Socially Awkward Situations – The Psychology of Avoiding Awkwardness
Sometimes when people use avoidant coping it’s for the purposes of avoiding heavy duty emotions, however it’s also very common for people to use avoidant coping to avoid milder emotions like awkwardness.
I very frequently see people choosing not to enact their personal values to avoid feeling temporarily awkward.
The DIY Psychological Challenge for this post is for you to try to notice if/when you do this.
Let’s say you have personal values like,
- communicating clearly
- being fair to yourself and other people
- being friendly
- being open
- putting yourself in the pathway of new experiences
- taking appropriate personal responsibility
Notice if there are times when you choose to not enact particular personal values because you don’t want to tolerate feeling awkward.

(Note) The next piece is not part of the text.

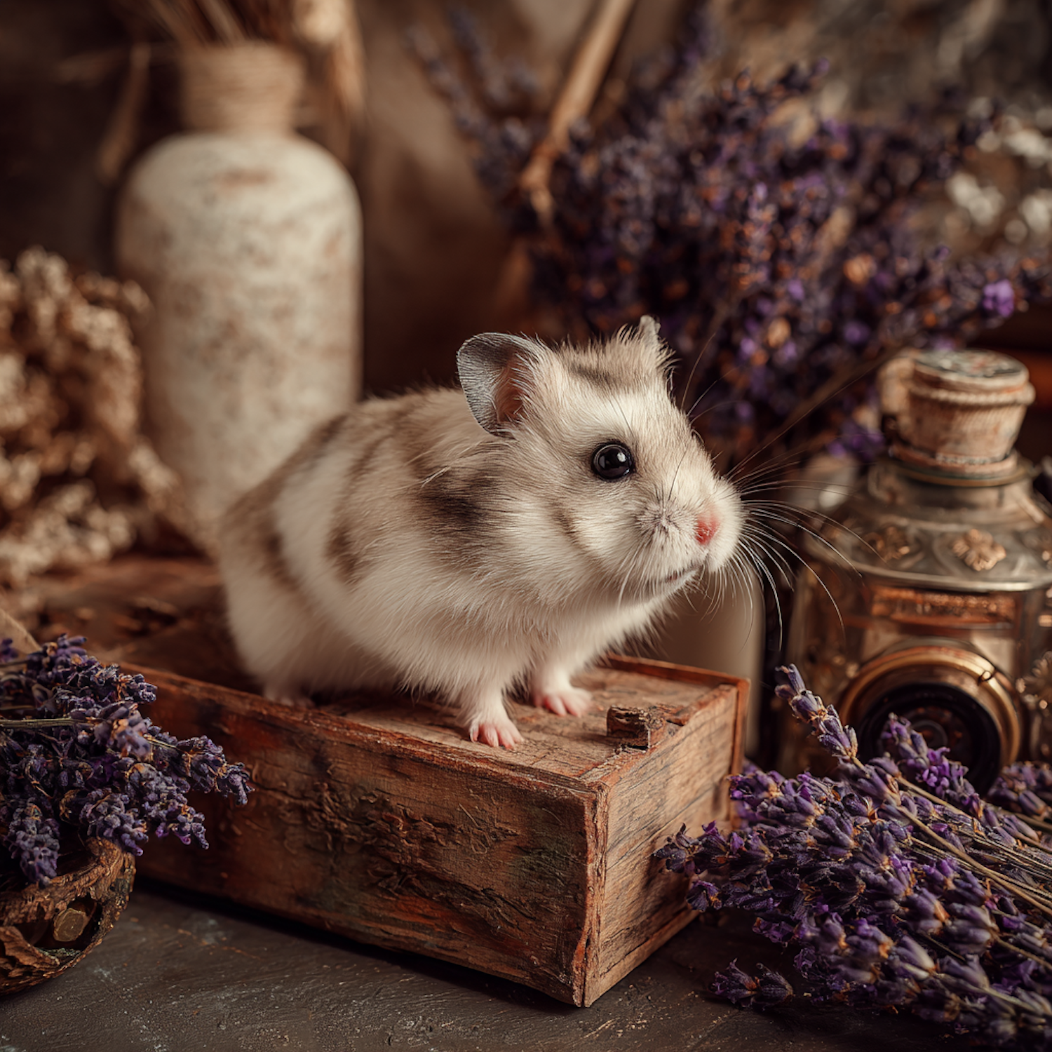 A cute hamster sits on a wooden box surrounded by dried lavender and vintage decor, creating a cozy and rustic atmosphere.

You might have difficulty tolerating feeling awkward yourself +/- tolerating when someone else is feeling awkward.
Try to identify specifically which particular values you’re not enacting when you’re avoiding feeling awkward.

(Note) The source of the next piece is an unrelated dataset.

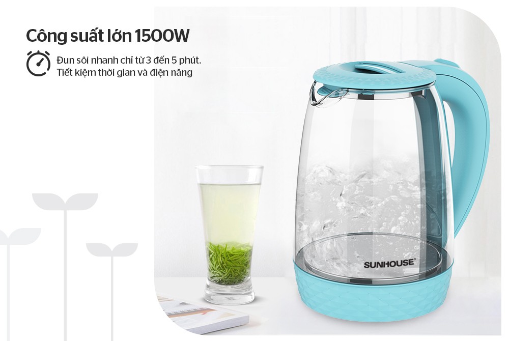 ✨Ấm siêu tốc thủy tinh Sunhouse SHD1215 - Hàng Chính Hãng

This will give you information and ideas about alternative ways to approach the situation that would reflect your values.
Identify the psychological costs to you of not enacting your values, which will depend on the specific situation.

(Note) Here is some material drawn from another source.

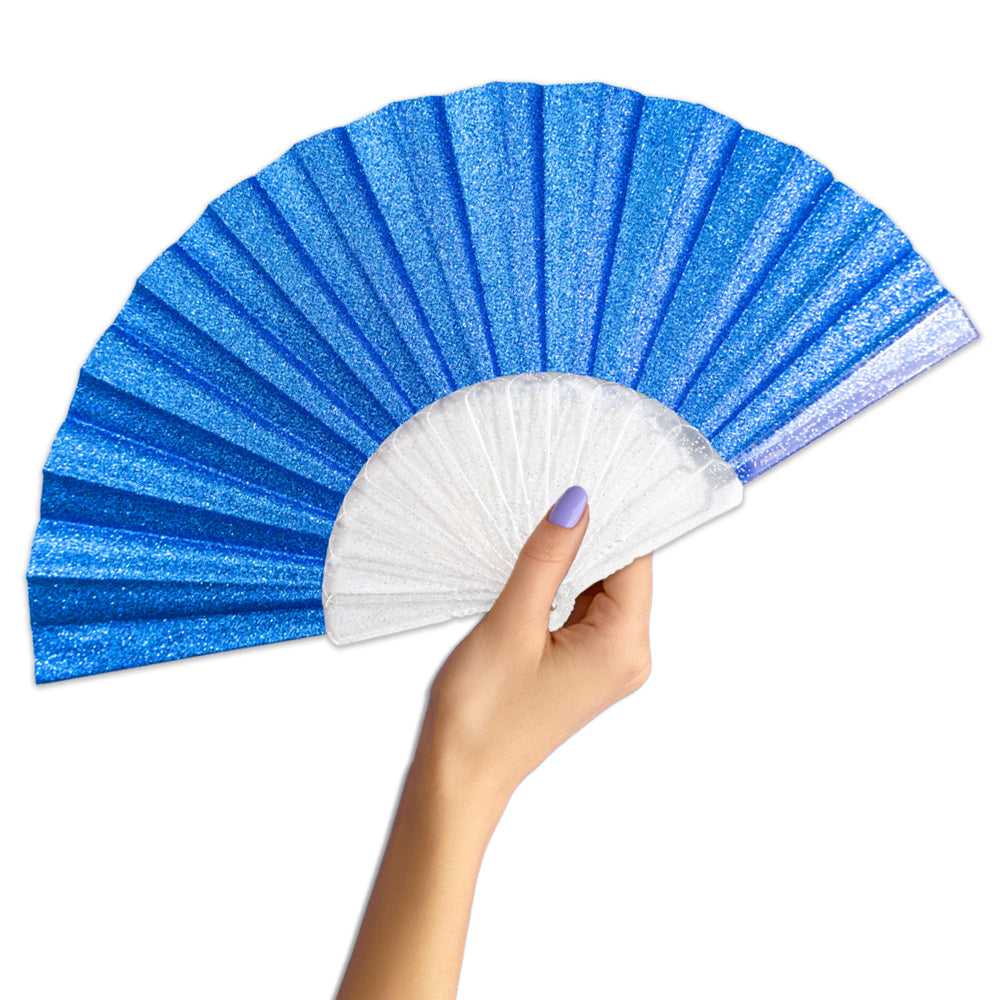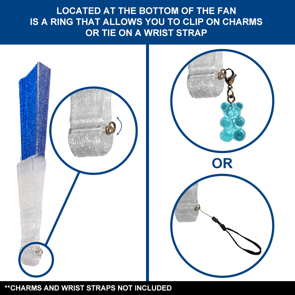 Crafted with vibrant Royal Blue Glitter fabric, it catches the light (and everyone's attention) with every flick. The built-in charm loop lets you personalize your fan with keychains, charms, or ribbons—so you can make it as unique as you are.

- avoiding awkwardness becomes a habit and NOT avoiding it becomes harder over time
- problems snowball
- you miss out on potentially interesting experiences
- other people develop an impression of you that doesn’t reflect your values (e.g. that you’re unfriendly or unapproachable)
- in avoiding awkwardness you’re unfair to someone else and then end up feeling a sense of guilt and shame about it
- in avoiding awkwardness you’re unfair to yourself and end up creating far greater anxiety in the long run than if you’d tolerated the awkwardness
- you miss out on opportunities to practice the skills of enacting a particular value (e.g. communicating clearly) and therefore miss out on the opportunity to develop that skill to a higher level
Notice that avoiding awkwardness is a problem when it means you’re not enacting your values. If you keep the concept of enacting your values in mind, you should be able to approach difficult communication situations more clearly, quickly and with the big picture in mind.